TASK TO COMPLETE:
From the line containing "Red Satin Saree For Women" through the last line of the data, both ends included, write out every line exactly; omit the pictures.

ENTRIES SHOWN:
::::::
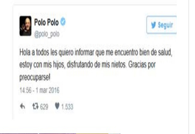 1/03/16.-El comediante Polo Polo confirmó mediante su cuenta oficial de Twitter que se encuentra bien y está junto a sus hijos y nietos, esto luego de que surgiera la noticia de que se encontraba de
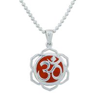 Floral Om-Themed Carnelian Pendant Necklace from Thailand 'Sacred Fire Bloom' Item ID: 2671796750
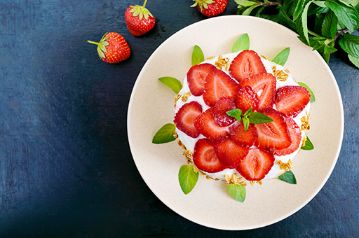 5. Top with strawberries and drizzle with strawberry sundae topping last.
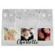 A gift bag for a girly and glamourous 90th birthday. A silver metallic looking background with glitter dust. Personalise and add 3 photos and a name. Number 90 is written with a balloon style font. Perfect as a party favour bag or as a gift bag.
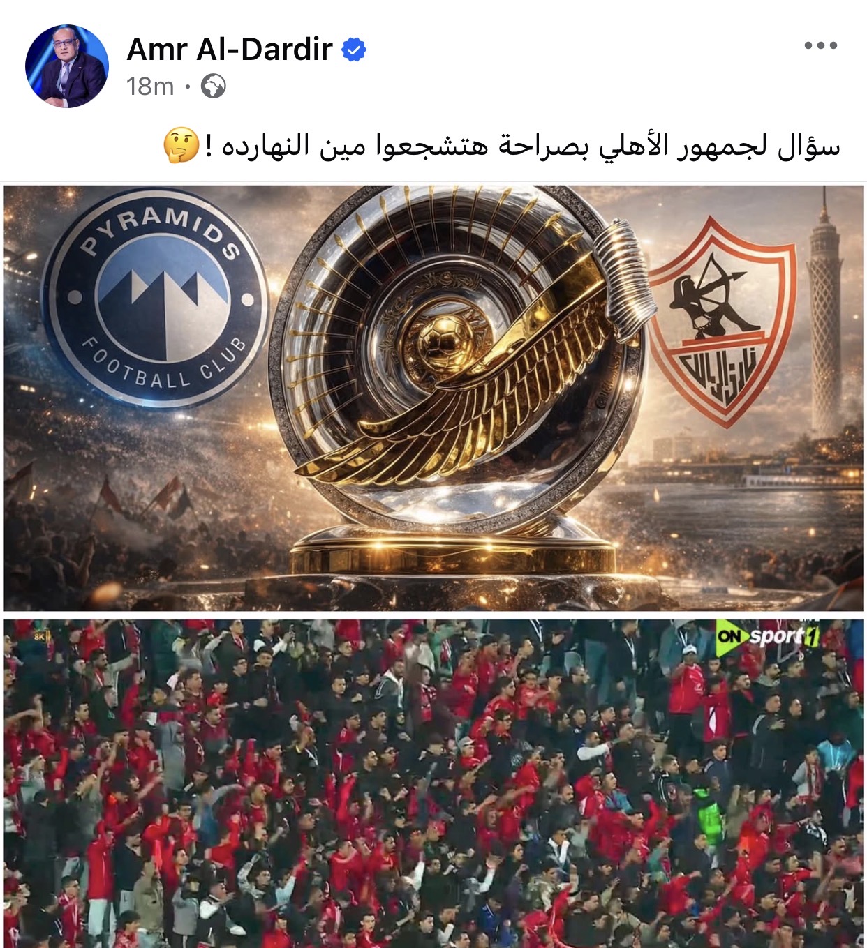 وكتب عمرو الدردير عبر حسابه علي موقع التواصل الاجتماعي فيسبوك: "سؤال لجمهور الأهلي بصراحة هتشجعوا مين النهاردة".
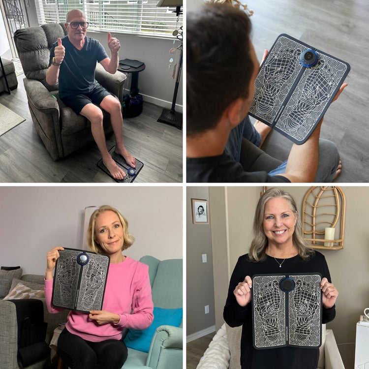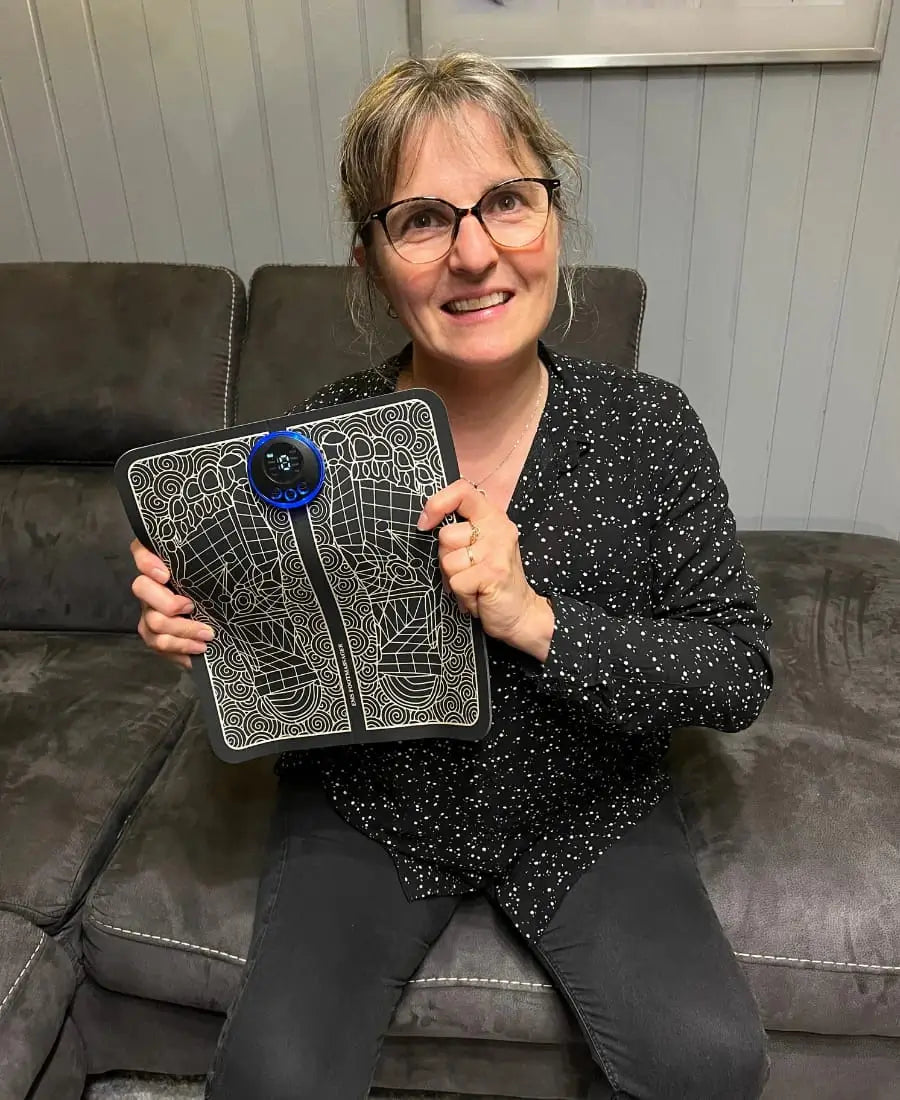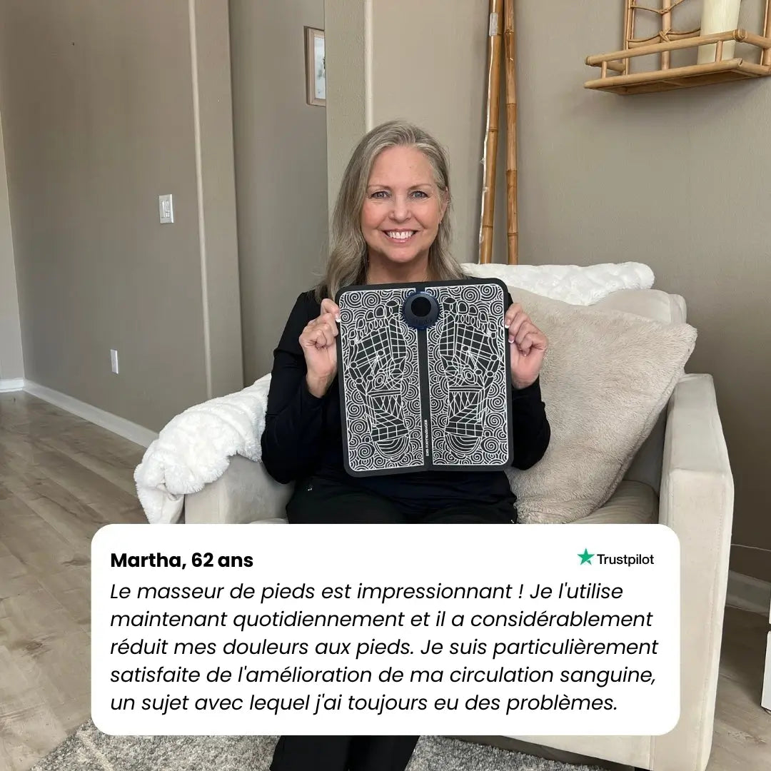 Le masseur de pieds Nofela® utilise la technologie NMES pour activer la circulation sanguine et aide à réduire les douleurs, les picotements et les gonflements – simplement chez vous, sans médicaments ni consultations médicales.
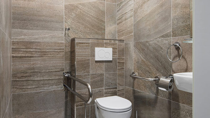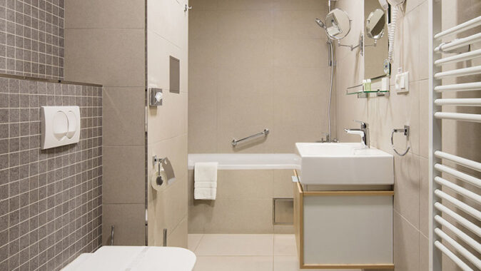 hotel Alexander: Luxusní elegance koupelen v matně šedé
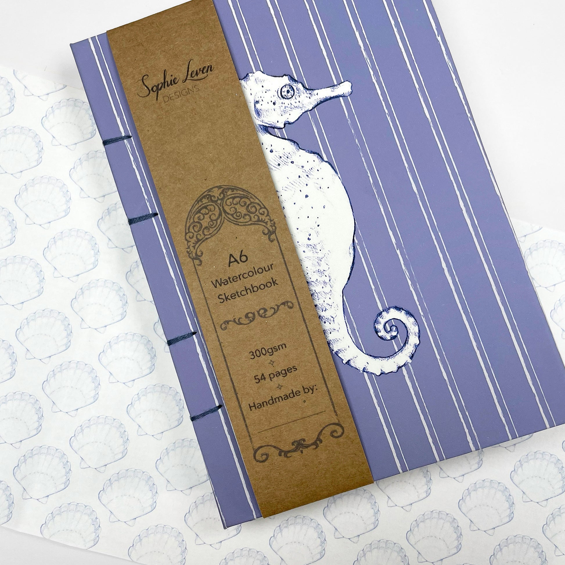 A6 Watercolour Sketchbook - Stripy Seahorse Design
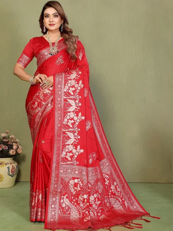 Red Satin Saree For Women
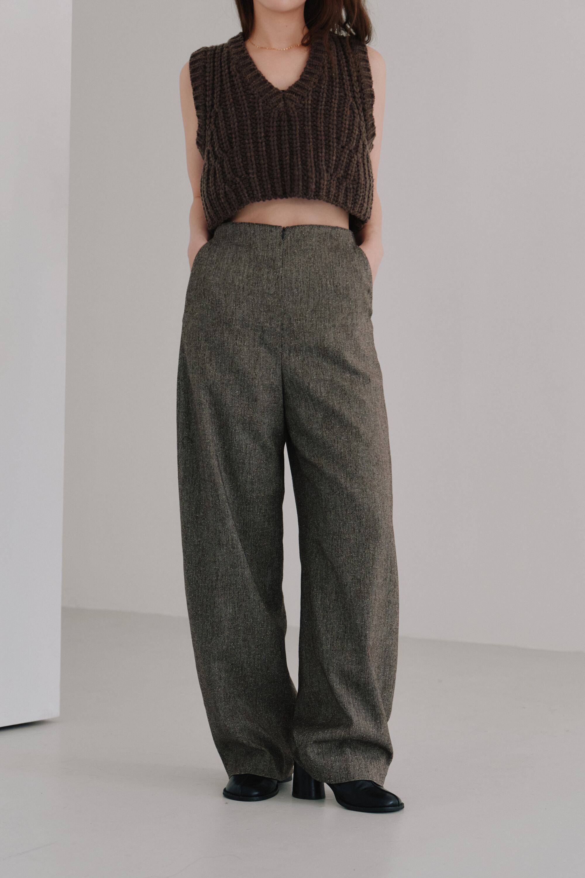程よいクロップド丈がコーディネートを引き締め、シャツやカットソーとレイヤードすることで幅広いスタイリングが楽しめます。
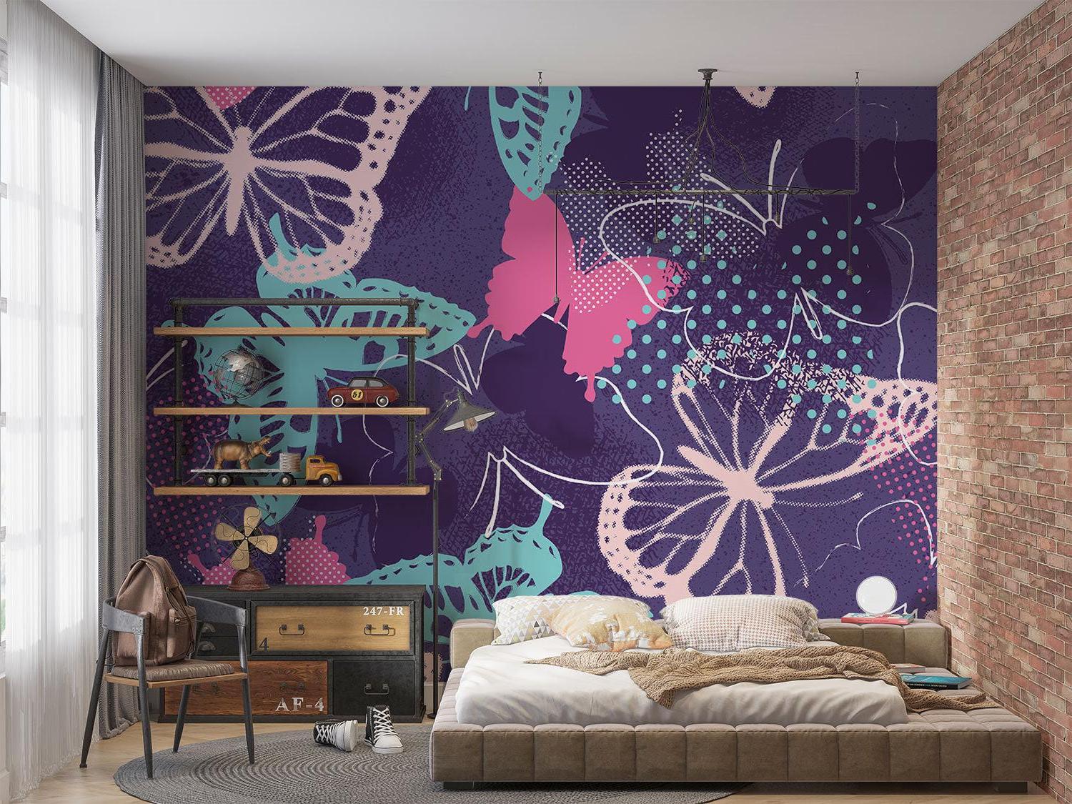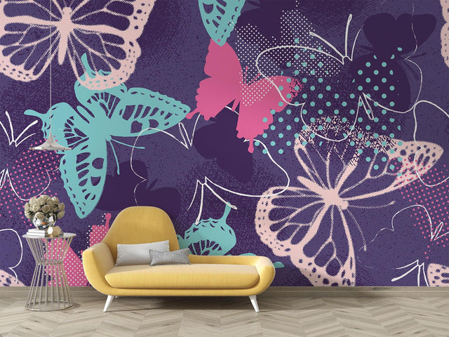 Papier Peint Mural Papillon | Design Moderne Violet et Turquoise
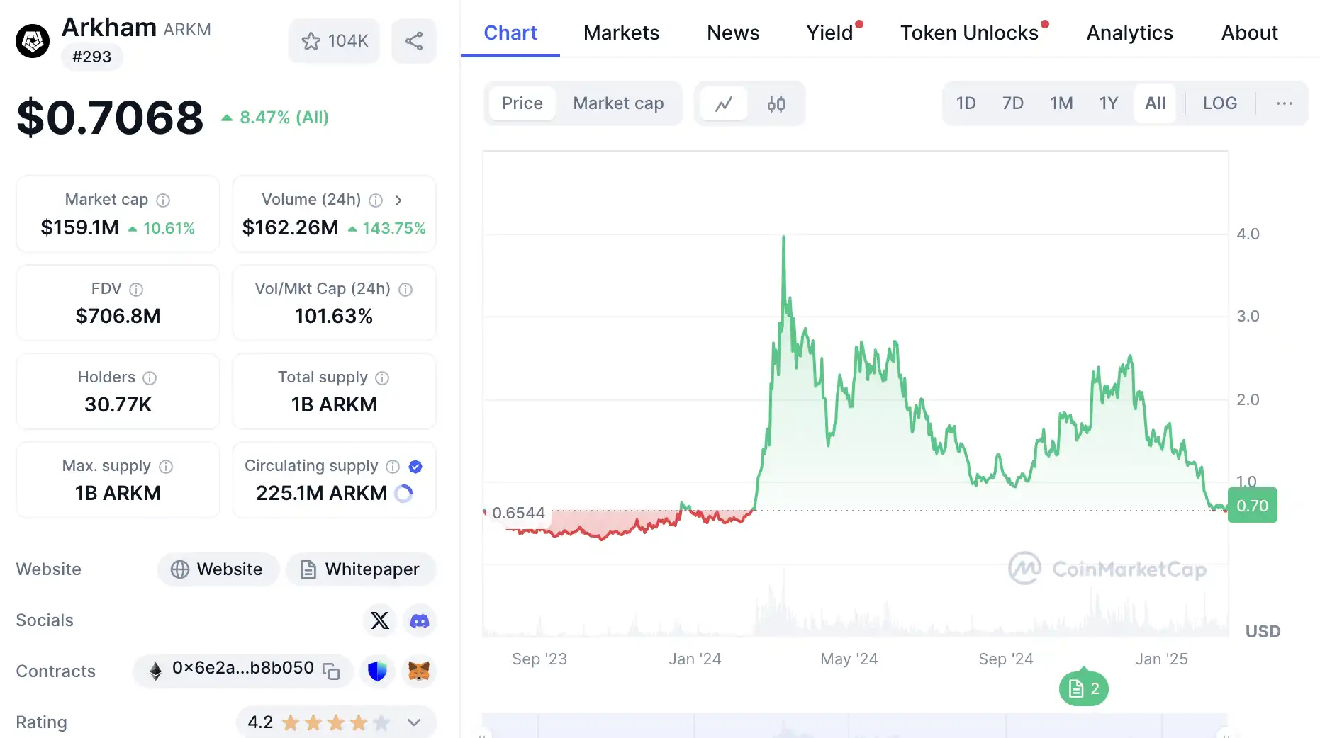 和 Kaito 类似,Arkham 也被归类为 AI 数据工具,目标都是通过技术手段解析加密世界的信息碎片化问题,为用户提供「Alpha 机会」。不同的是,Kaito 更偏向社交数据,而 Arkham 聚焦链上数据。那么第一个给数据工具发币的 Arkham 现状如何呢?就价格而言,根据行情数据显示,$ARKM 当前价格为 0.71 美元,其历史最高价为 2024 年 3 月 10 日的 3.12 美元,当前价格较之跌幅近 80%,显示出较大波动性。或许是因为被归入 AI 项目的原因,价格随整个 AI 板块的兴衰有所起伏。
::::::
RESULT BELOW:
 Red Satin Saree For Women
程よいクロップド丈がコーディネートを引き締め、シャツやカットソーとレイヤードすることで幅広いスタイリングが楽しめます。
 Papier Peint Mural Papillon | Design Moderne Violet et Turquoise
 和 Kaito 类似,Arkham 也被归类为 AI 数据工具,目标都是通过技术手段解析加密世界的信息碎片化问题,为用户提供「Alpha 机会」。不同的是,Kaito 更偏向社交数据,而 Arkham 聚焦链上数据。那么第一个给数据工具发币的 Arkham 现状如何呢?就价格而言,根据行情数据显示,$ARKM 当前价格为 0.71 美元,其历史最高价为 2024 年 3 月 10 日的 3.12 美元,当前价格较之跌幅近 80%,显示出较大波动性。或许是因为被归入 AI 项目的原因,价格随整个 AI 板块的兴衰有所起伏。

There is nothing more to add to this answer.